Видно было, что он уже справился со своей минутной вспышкой и сейчас ему неловко даже вспоминать о ней.
— Помощи пока не надо, — сказал Виталий и поднялся. — Пойду, Николай. Бывай.
Они распрощались.
Виталий вышел из кабинета, прошёл по знакомому уже коридору, миновал комнату дежурного и, оглядевшись, вышел в парк. Торопливо свернув на ближайшем углу в одну из аллей, он пошёл медленной, ленивой походкой, направляясь кружным путём к выходу из парка.
Внезапно ему пришла в голову новая мысль. А что, если… Разве он не может себе этого позволить? Чего тут особенного? Ну, зашёл. Почему именно сюда? Приглянулось, был тут однажды. И вообще… магнитик тут есть один. Не ваше собачье дело знать кто. Хочу и сижу. А вот на самом деле надо бы там оглядеться. Место уж очень у них, как видно, популярное! Вечерний круг собирается там или рядом? Нет, скорей именно там. Неужели он, Виталий, не найдёт себе там союзника? Да быть такого не может. Словом, почему бы не попробовать?
Виталий всё так же лениво повернул в сторону от главного входа и вскоре очутился на набережной, и через несколько минут уже вошёл по широкому, устланному красной ковровой дорожкой трапу на палубу ресторана.
Двое пожилых швейцаров в мятой жёлто-зелёной униформе и такой же пожилой гардеробщик, не тронувшись с места, проводили посетителя критическими взглядами. На их лицах читалось ленивое пренебрежение.
Виталий прошёл в зал и устремился к дальнему угловому столику. Он был пуст. Вообще, в зале, по которому гулял лёгкий ветерок, было в этот час много свободных столиков, куда больше даже, чем занятых. «А что, если…» Виталий даже усмехнулся про себя от этой мысли.
Не дожидаясь, когда к нему подойдёт кто-либо из официантов, он, не торопясь, огибая пустые и занятые столики, прошёл в глубь зала и, снова оглядевшись, лениво расположился за угловым столиком. Через минуту к Виталию приблизился пожилой, сутулый официант с сизыми отвислыми щеками и еле заметным седым пробором на розовом черепе. Он был в светлом форменном пиджаке и чёрном галстуке.
— Молодой человек, столик занят, — строго сказал он и поставил на середину стола плексигласовую прозрачную дощечку с надписью «занято».
— А вы её вон туда поставьте, — небрежно указал на соседний столик Виталий.
— Это мне виднее, куда ставить, — ещё строже сказал официант. — Прошу.
— Эх, папаша! — укоризненно вздохнул Виталий, пряча в карман сигареты.

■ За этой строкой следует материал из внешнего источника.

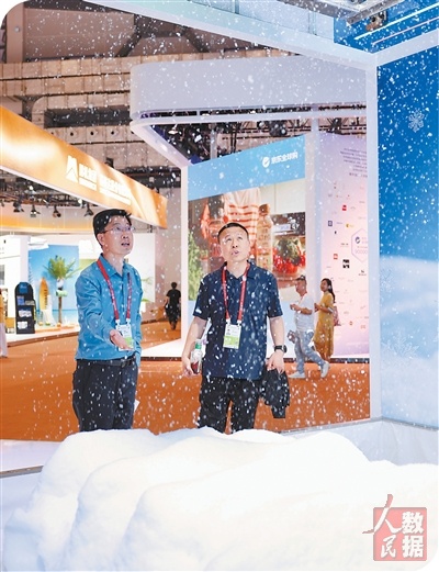 往前走,一股凉意扑面。在华发集团展位,只见一座迷你冰雪世界——玻璃罩内,造雪机嗡嗡作响;伸出手,水汽凝结的冰晶落在掌心,丝丝凉意透入皮肤。

Он огляделся, как бы выбирая, куда ему пересесть, и увидел в глубине зала, возле буфета, трёх официантов помоложе, следивших за их разговором. Один из них, рыжий и строгий, смотрел явно осуждающе, а двое других ехидно посмеивались, причём это их ехидство, как показалось Виталию, относилось не к пожилому официанту, а к нему, Виталию, попавшему в такое неловкое положение. В этот момент рыжий официант понёс солонку на какой-то из свободных столиков, и Виталий, сунув в карман сигареты и спички, нехотя поднялся и пересел за тот самый столик. Рыжий мельком взглянул на него и, взяв с какого-то другого столика папку с меню, положил её перед Виталием.
— Вот так-то, браток, — насмешливо сказал он. — Не в свои сани не садись другой раз.

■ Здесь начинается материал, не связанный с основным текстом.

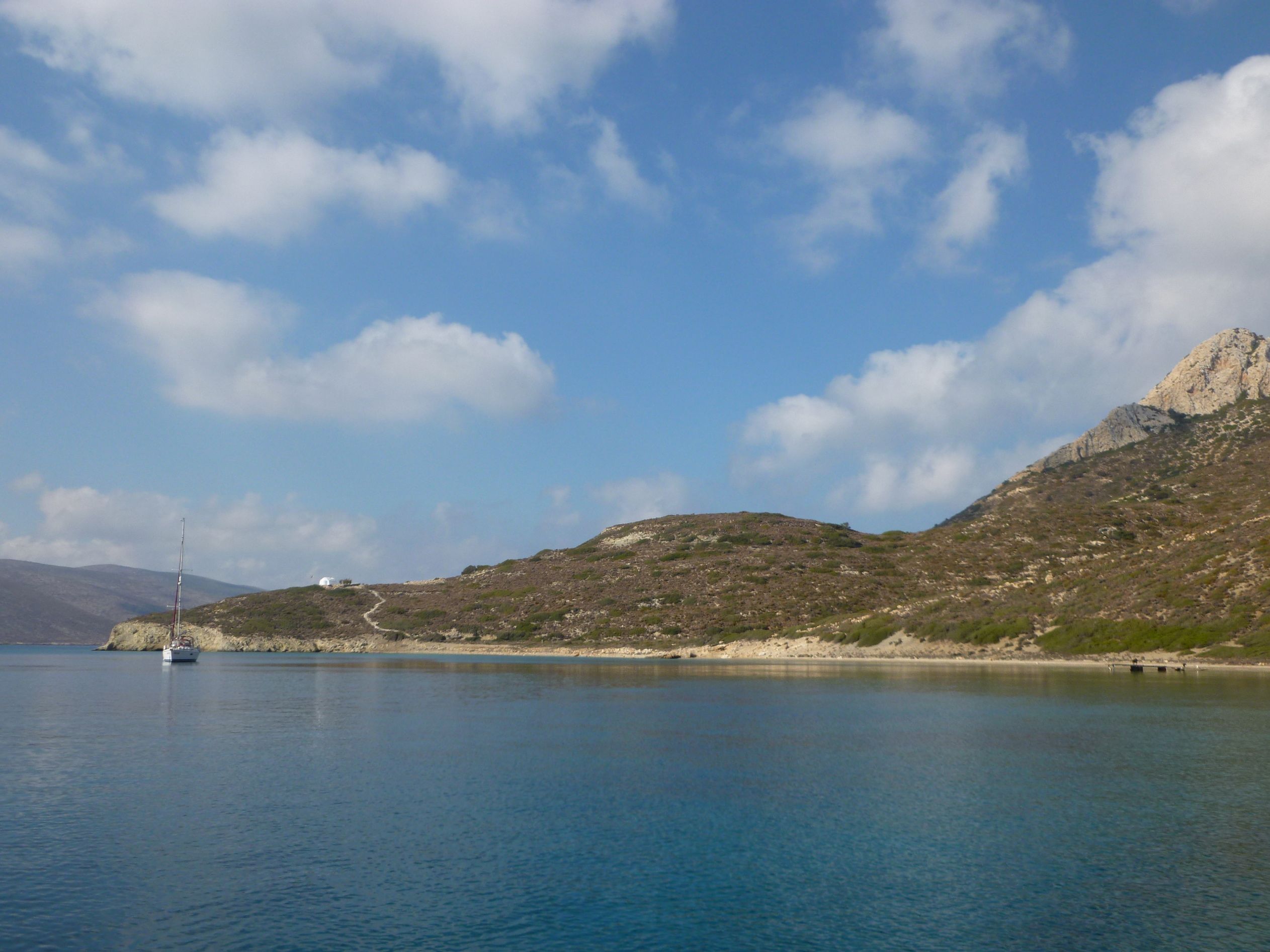 Då vi hissade segel vid hamnutloppet från Levitha, stod det klart för oss att vi gärna vill återvända till öarna i Kykladerna med mera tid och helst utanför meltemisäsongen, det vill säga under tiden april till mitten av juni. Under vår snabba genomsegling av Egeiska havet hann vi nu endast få några fina smakprov av det Kykladerna har att erbjuda. Men nu är vi ju på väg till Turkiet, och vill gärna hinna segla ett par veckor där innan det blir dags att ta vinterhamn i Finike under andra hälften av oktober.

Виталий, проглядывая меню, спросил:
— И ты считаешь, так и надо, да?
— Мало чего я считаю. Людям заработать охота.
— А тебе не охота?
— Мне-то? Ясное дело, охота. Только я в холуи не гожусь.

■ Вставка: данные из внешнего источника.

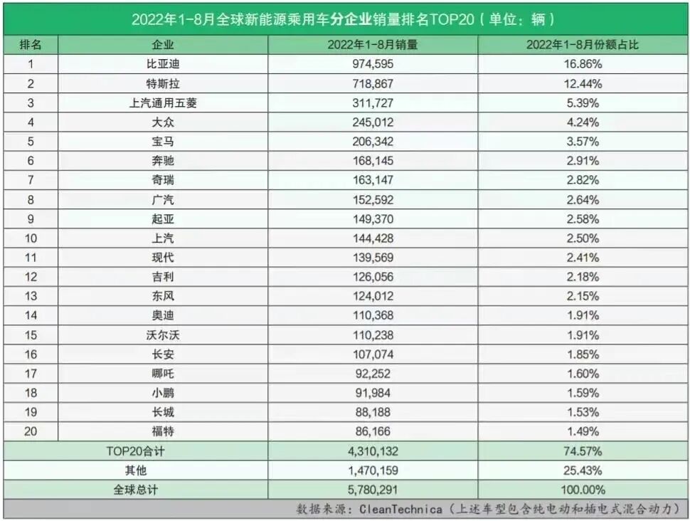 用一组数据来印证中国新能源汽车的发展势头,根据2022年8月的全球新能源汽车销量榜数据显示,比亚迪在今年前8个月实现了97万辆的销量成绩,超过特斯拉,成为世界第一,上汽通用五菱排名第三,随后是大众、宝马、奔驰等德国汽车巨头。

— А тот, выходит, годится, старик-то?
— Ну, дядя Гриша тридцать лет по этому делу. Профессор. Большие деньги имеет.
— С постоянных клиентов небось?
— А то. Их столик. — Рыжий кивком указал на дальний угол зала. — Тузы.
— Давить таких надо.
— Ха, давить! Попробуй.
— А ты поможешь?
Рыжий внимательно и чуть насмешливо посмотрел на Виталия.
— Чем же я помочь тебе могу, интересно? — спросил он.
— Была бы охота.
— Не, парень. Ты меня не втягивай. Я смотрю, ты шустрый.
— Почесать кулаки охота об каких-нибудь гадов, — отступая, лениво ответил Виталий. — Сам работяга и работяг уважаю.
— Они тоже работяги, будь здоров какие, — усмехнулся рыжий. — Погоди-ка!
И он устремился к столику невдалеке, за который усаживались какие-то люди.
Только сейчас Виталий вспомнил, что так и не успел ничего заказать. Зато он успел, кажется, завязать интересное знакомство.
Через минуту к его столику снова подошёл рыжий официант.
— Выбирай чего-нибудь, — без улыбки сказал он.
Виталий утвердительно кивнул и спросил:
— Тебя как звать?
— Алексей.
— Ну, пиши, Алёша.
Приняв заказ, Алексей торопливо отошёл к другому столику. Посетителей становилось заметно больше.
Виталий закурил и откинулся на спинку стула. Нет, не зря он зашёл сюда.
Когда Алексей принёс заказ, Виталий спросил его:
— Как тебе, Алёша, тут служится?
Тот усмехнулся одними глазами.
— Ухожу. Душа не принимает эту обстановку. Здесь же, в парке, работать буду.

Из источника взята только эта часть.